Sometimes decision makers are interested in dichotomizing the predictor. For example, an academic administrator might be concerned with choosing an appropriate ACT cut-off score for admitting students into the honors college. To visualize the distribution of GPAs between individuals above or below a cutoff, we can use an overlapping density plot. The figure below illustrates the distribution of GPAs for students with ACT scores above and below 26. One way to translate the results is with the Common Language Effect Size (CLES, McGraw & Wong, 1992). The CLES for the validity of the ACT can be described as, “a randomly chosen person with ACT greater than 26 has a 62% chance of obtaining a higher GPA than a random person with ACT less than 26.”

Nontraditional effect size indices and displays are particularly useful when communicating the practical value of selection tests. Research from my lab has found that the lay public tend to judge nontraditional displays as easier to understand than traditional validity statistics; and more importantly, they had much more favorable judgments about selection instruments (e.g., ACTs, structured interviews) when validity information was presented with nontraditional graphical displays.

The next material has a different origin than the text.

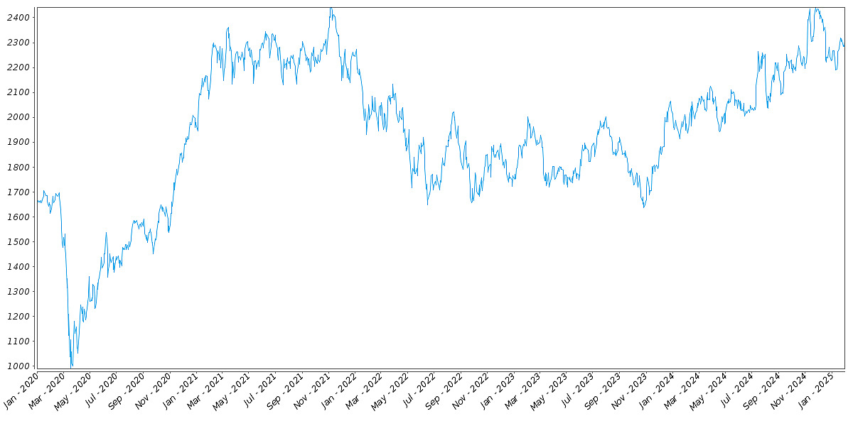 The following graph sets forth the daily historical performance of the RTY in the period from January 2, 2020 through January 30, 2025. We obtained this historical data from Bloomberg L.P. We have not independently verified the accuracy or completeness of the information obtained from Bloomberg L.P. On January 30, 2025, the closing level of the RTY was 2,307.451.

Despite the benefits of these nontraditional displays of validity, there are—unfortunately—no accessible tools for generating these displays. Common statistical packages (e.g., SPSS) do not readily produce these alternative displays. In order to facilitate the calculation of nontraditional effect size displays, I’ve created a free-to-use web application that allows scholars and practitioners to easily generate and visualize a variety of nontraditional effect sizes such as expectancy charts, CLES, and binomial effect size displays with their own data (https://dczhang.shinyapps.io/expectancyApp/).

Michael L. Litano

Entering the applied world, I incorrectly assumed that senior leaders and other organizational decision makers would be able to understand and interpret analyses of “people” data that extended beyond simple descriptives, such as favorability scores and agree percentages (i.e., percent of employees who “agree” or “strongly agree” to a single or set of questions). That’s not to say these leaders didn’t care or were incompetent, but because the way that validity evidence tends to be presented is too dense and unintuitive. If we assume the perspective of a senior leader with no I-O background and/or a limited understanding of statistics, what would we do with correlation coefficients, coefficients of determination, or (un)standardized parameter estimates?

I have conducted numerous interviews and focus groups with senior leaders and three themes generally emerge when it comes to digesting and interpreting survey results: they want (a) easily interpretable findings, (b) to see “trend”—how much scores have improved or declined since the last survey, and (c) what to focus on and how to drive meaningful change. As I-O psychologists, we are well-equipped to meet these needs, and I have found the best way to present this data is by doing my due diligence as a scientist in the background, then presenting findings that are easily interpretable even if it’s not the exact analysis that I conducted. After all, in people analytics, the goal is to use data-driven approaches to inform people and organization-related practices, programs, and processes, not to publish in a peer-review journal.

Here’s a scenario: Employee engagement is a high-value metric at Organization X. Employees are surveyed quarterly and each survey includes ten 3-item scales to measure constructs research suggests are primary antecedents of engagement (e.g., leader–employee relationship, professional development opportunities, etc.). Here’s one way I have analyzed such data in the background and then simplified the presentation of findings for a non-I-O audience.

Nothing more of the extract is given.